A man, for instance, is endowed, through the operations of the Holy Spirit, with the invaluable grace of HUMILITY. He ascribes nothing to himself. He takes a low place; and he feels that he ought to take a low place before God. But before he is aware of it, unless he is constantly on his watch, self-love is secretly winding itself about this ennobling Christian affection, and endeavoring to extract some personal merit out of it. There is a secret and almost imperceptible feeling, (for in this matter Satan is careful not to show himself too prominently,) not only that his humility is some evidence in his favor, but that his humility itself is worth something.
Again, how often it is that the man, who possesses true Christian benevolence, is assailed in the same insidious way! There is no question that he is truly benevolent, and benevolent too on the highest christian principles; but after a time he begins, almost unconsciously to himself, to poison this eminent Christian grace by an infusion of self-congratulation. Even the missionary of the Cross, as he toils beneath the frozen skies of Greenland or amid the burning sands of Africa, finds the secret but deceptive suggestion springing up, he hardly knows whence or how, that his life of toil and suffering has some little merit, which he can call his own.
The soul, charmed by some soothing and insidious whispers, begins to lull itself to rest and to repose upon the couch of its own virtues, its humility, its gratitude, its inviolable veracity, its benevolence, or some other moral and christian grace, instead of resting exclusively upon the merits of Christ, and ascribing its gifts and graces to the mere mercy of God.

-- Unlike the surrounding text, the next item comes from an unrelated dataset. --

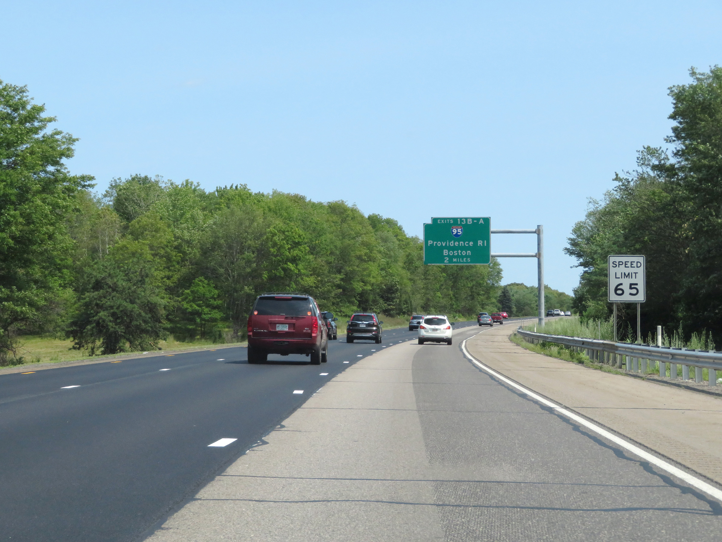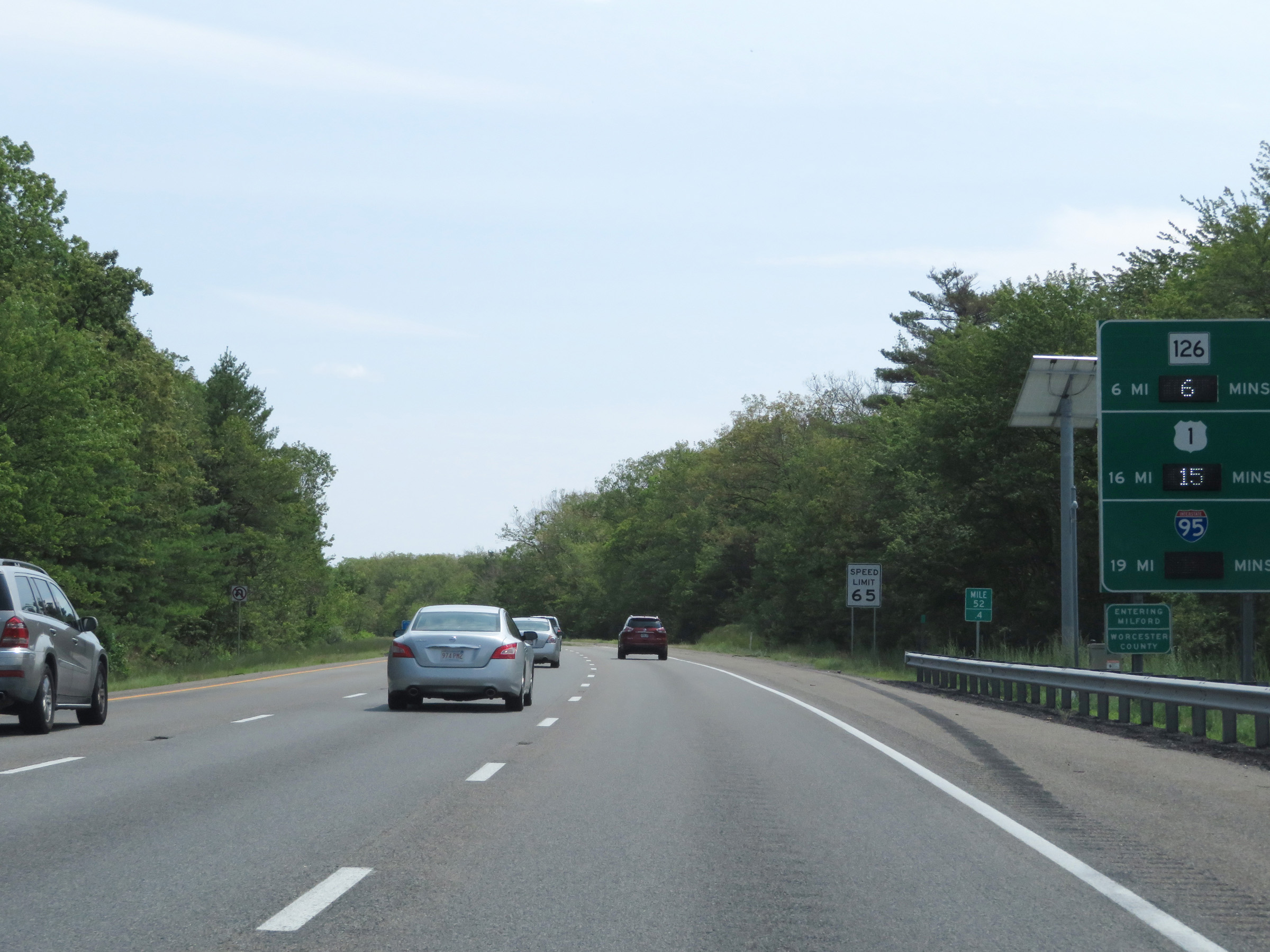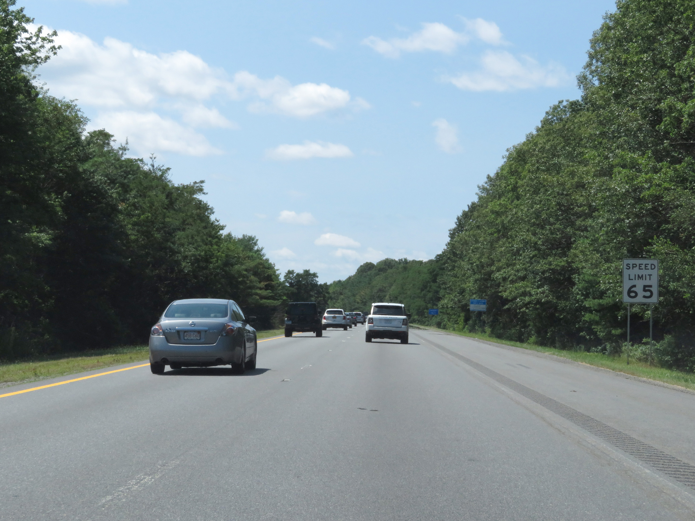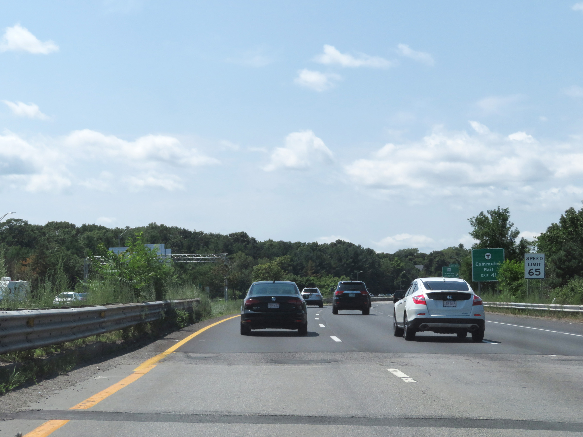 The speed limit on Interstate 495 South starts at 65 mph. This is the standard speed limit on most rural Interstate highways in Massachusetts. (Photo taken 8/6/17). |

These views will apply essentially, among other things, to joyous states of mind. The Scriptures abundantly assure us, that there is such a state of mind as holy joy. But true joy, "the joy of the Holy Ghost," flows up and refreshes the inward heart as a pure fountain, only so long as the soul is fixed upon God, as the center of its thought and of its undivided affection. As soon as we begin to think how happy we are, and to dwell upon and to please ourselves with the thought, the joy itself becomes an offense, and diffuses a secret, but destructive influence through the inward life. To be happy in our own happiness, instead of being happy in God, is to drink from a cistern of our own construction, "a broken cistern which can hold no water."
And it is in connection with such views and facts, that Fenelon has very correctly said, that "the most eminent graces are the most deadly poisons, if we rest in them and regard them with complacency." "It is the sin" he adds "of the fallen angels; they only turned to themselves, and regarded with complacency their state; at that instant they fell from heaven and became the enemies of God."
— edited from The Interior or Hidden Life (Second Edition 1844) Part 2, Chapter 11.